**REQUIREMENT:** Compute how many lines below contain the word "section" and respond with that number only.

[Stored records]
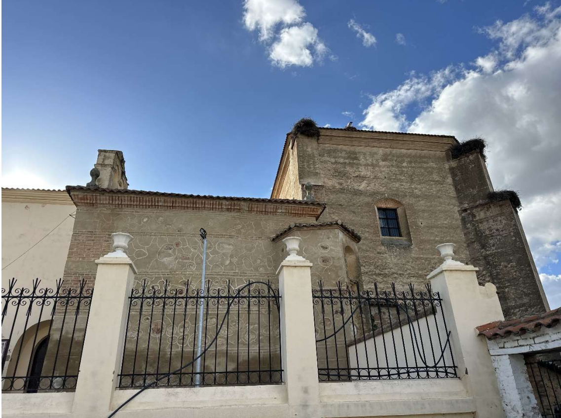
Exterior view of the convent.
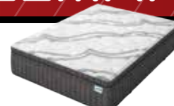
v7 PLUSH 1-Sided No Flip

$1049 TWIN SET $1349 FULL SET $1999 KING SET
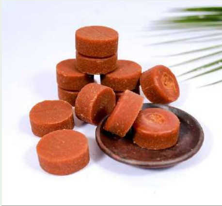
Block Organic Coconut Sugar
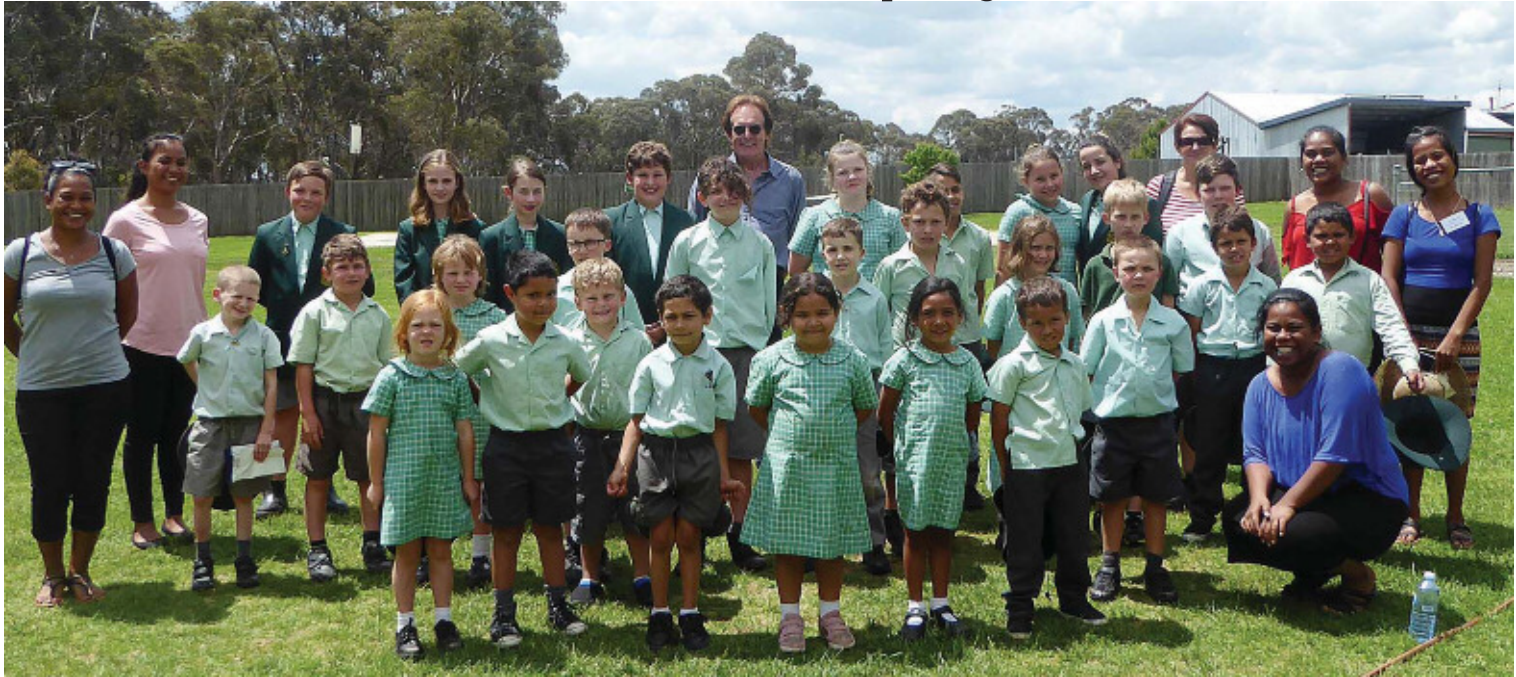
Black Mountain students welcomed five teachers from Nauru last week

The students of Black Mountain Public School were very fortunate last week to have a visit from five teachers in training from Nauru.
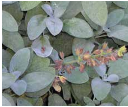
Stachys byzantina Lamb's Ears
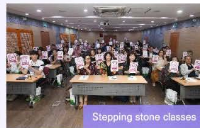
Stepping stone classes
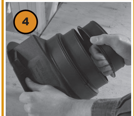
4 Grasp unneeded collar section(s) behind separation slot and pull firmly.
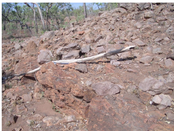
Gold Creek Volcanic host rock layering indicating slumping towards the pipe core.
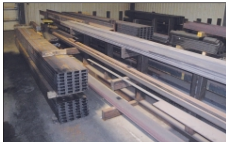
Approx. 275 Ton ($279,000 cost) Structural Inventory
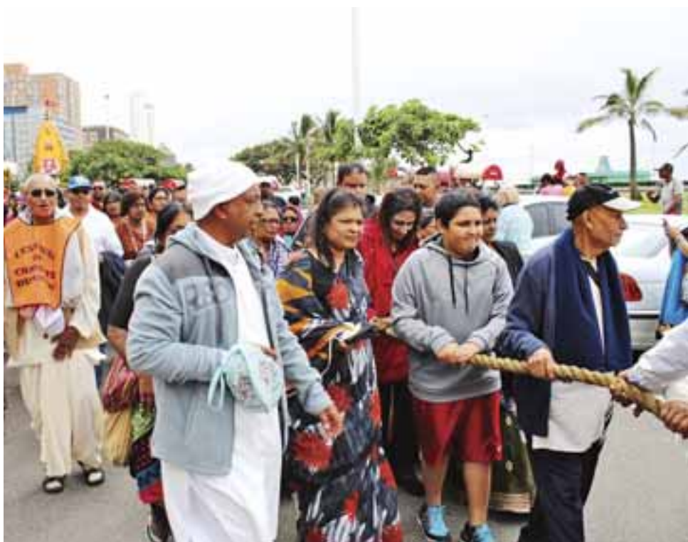
Hare Krishna devotees pull the chariots along the streets of the Durban beachfront.
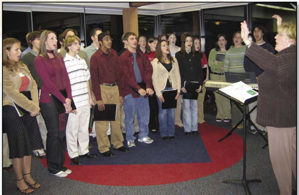
The Friends of the Library hosted a concert featuring the talented Methacton Chorale.

Over 500 elementary and 140 preschool age children par-
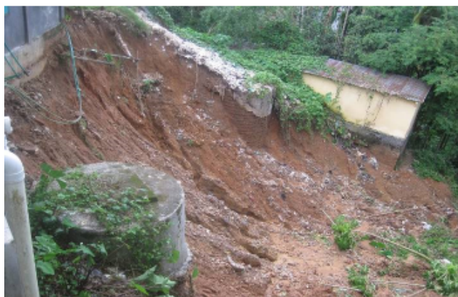
A section of Moanoghar campus

At the time of drafting this news bulletin (end-August 2017), many families have moved from the shelters; to their original homes or with relatives. However, about 60 families still continue to live in the Meditation Centre.
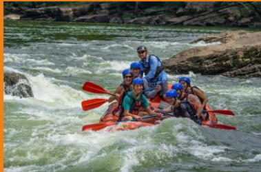
The Lower New River put West Virginia rafting on the map.
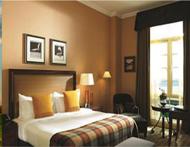
Fairmont Hotel, St Andrews
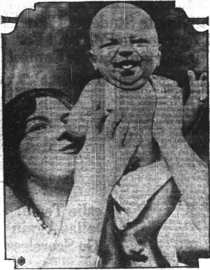
The photographer didn't have to tell this young man to look at any birds to make him smile. The little fellow was tickled silly to strut his stuff for the camera.
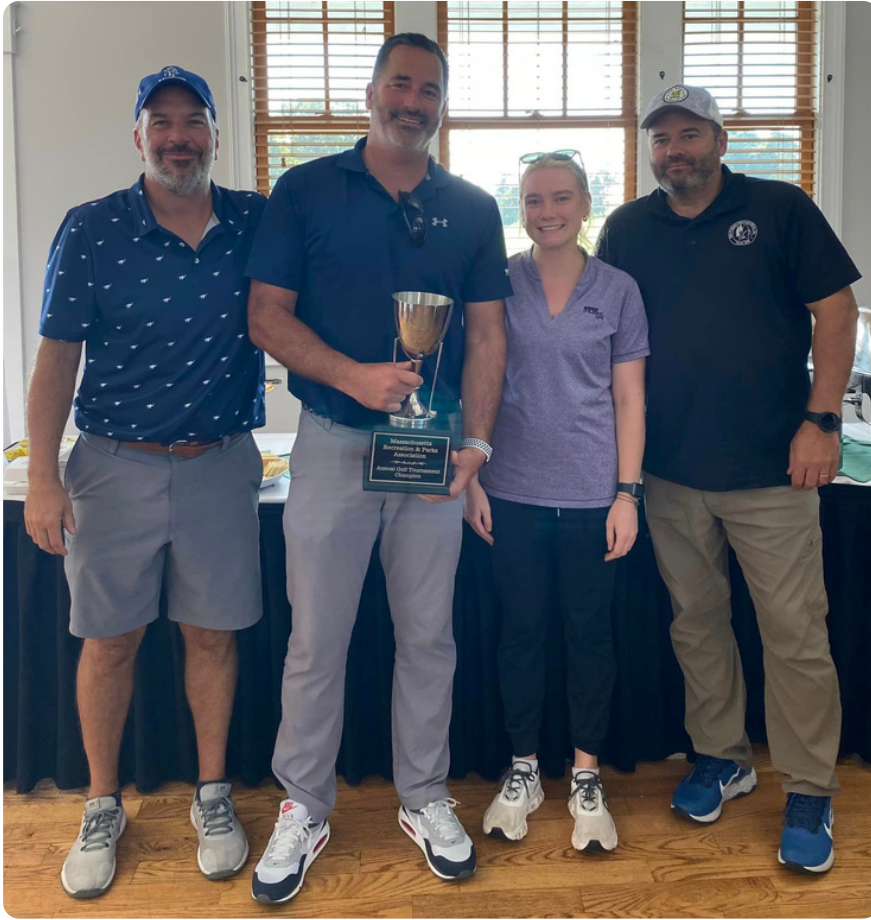
Golf Tournament Champion: Team Musco Lighting
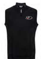
1/4 ZIP ACRYLIC VEST UNISEX SIZES: XS - 5XL

100% ACRYLIC AVAILABLE IN MULTIPLE COLORS
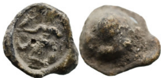
735 Roman Seal (3.91g 15.8mm diameter)
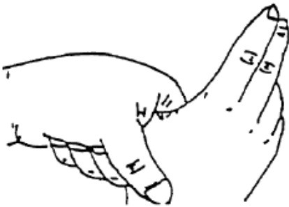
5. Rotational rubbing of right thumb clasped in left palm and vice versa
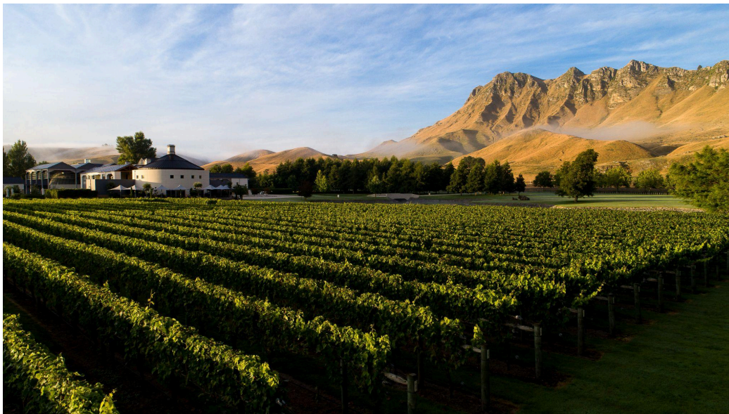
A view worthy of its name. Discover the majestic Craggy Range Giants Winery, set against the stunning backdrop of Hawke's Bay.

Again, those looking to sleep among the vines will soon have a new option in New Zealand's South Island, too. On the eastern slopes of the South Island's main divide, in one of New Zealand's largely unsung wine regions, The Lindis Group (the team behind the Lindis, Mt. Isthmus, and Paroa Bay) is preparing to unveil a new accommodation offering on their Clos Ostler vineyard estate in the Waitaki Valley. Clos Ostler's Pinot Noirs have collected consecutive Gold awards at the London International Wine Challenge, making this one a one-to-watch for serious wine lovers.
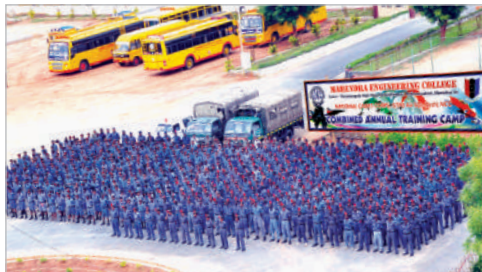
NCC Annual Training Camp
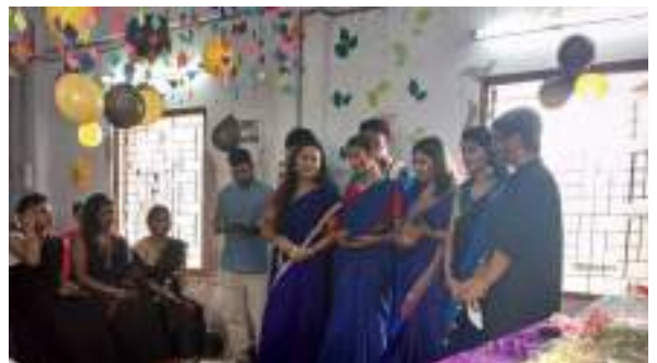
Fresher's (Dept. of Microbiology)
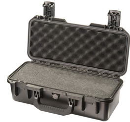
iM2306-X0001 With Foam
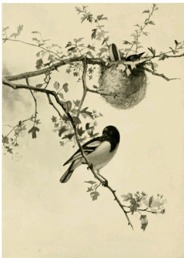
THE BALTIMORE ORIOLE

The Kingbird has often been accused of destroying honeybees. Even allowing that individuals occasionally do some damage in this way, the good services of the race in destroying harmful insects far outweigh these injuries, and the remedy is to drive the bird away from the hives, not to kill it.
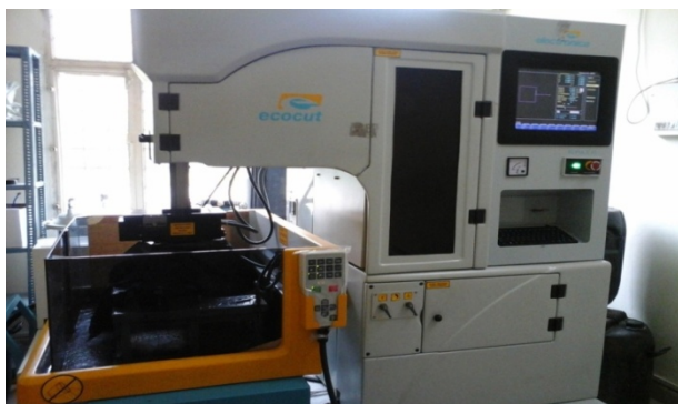
Figure 1: Experimental setup Wire Cut Electrical Discharge Machining
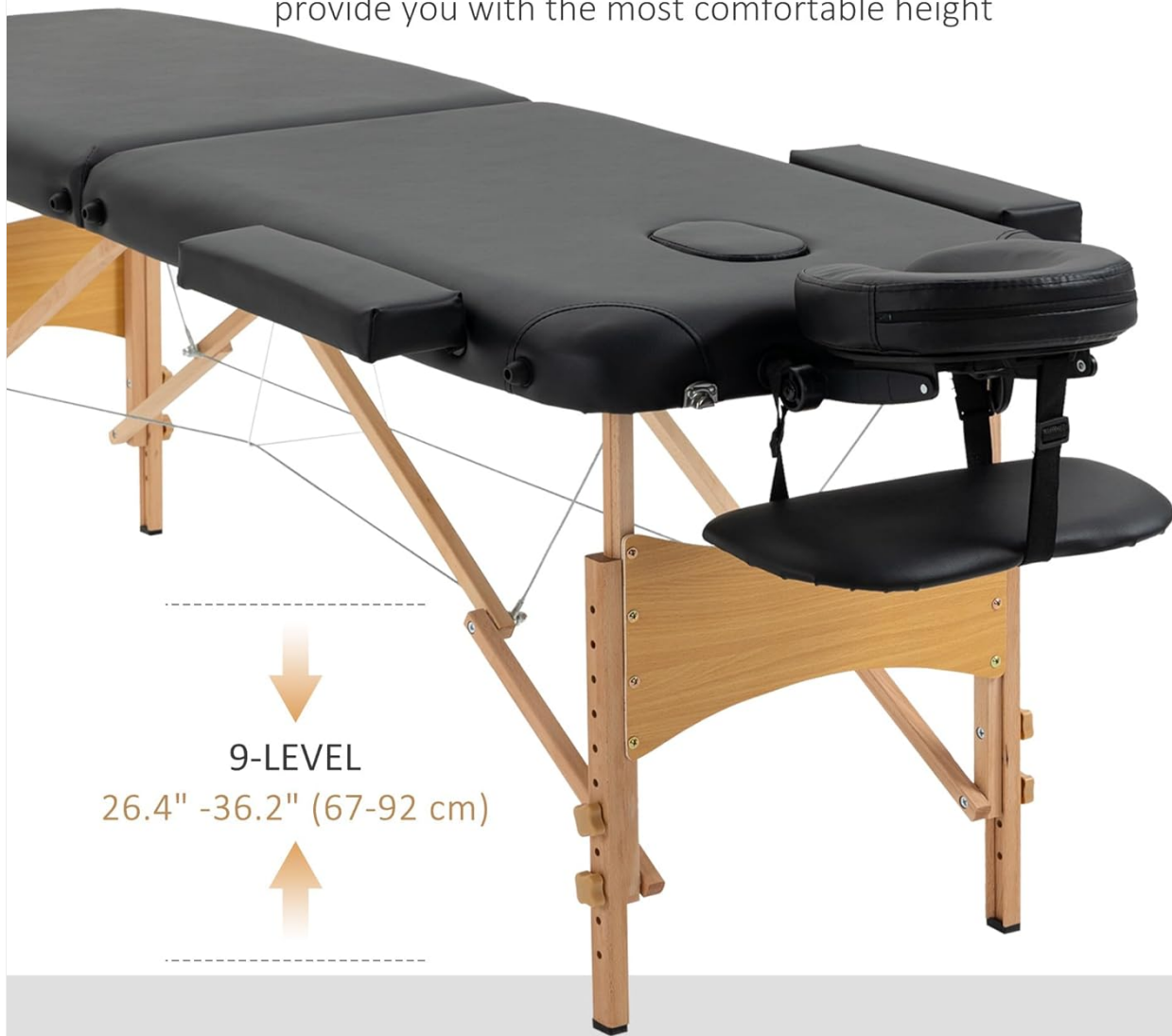
Image: Detail of the massage table leg, illustrating the 9-level height adjustment feature from 26.4" to 36.2" (67-92 cm).

9 changeable height levels from 26.4" -36.2" (67-92 cm) to provide you with the most comfortable height

**ANSWER BOX:** 2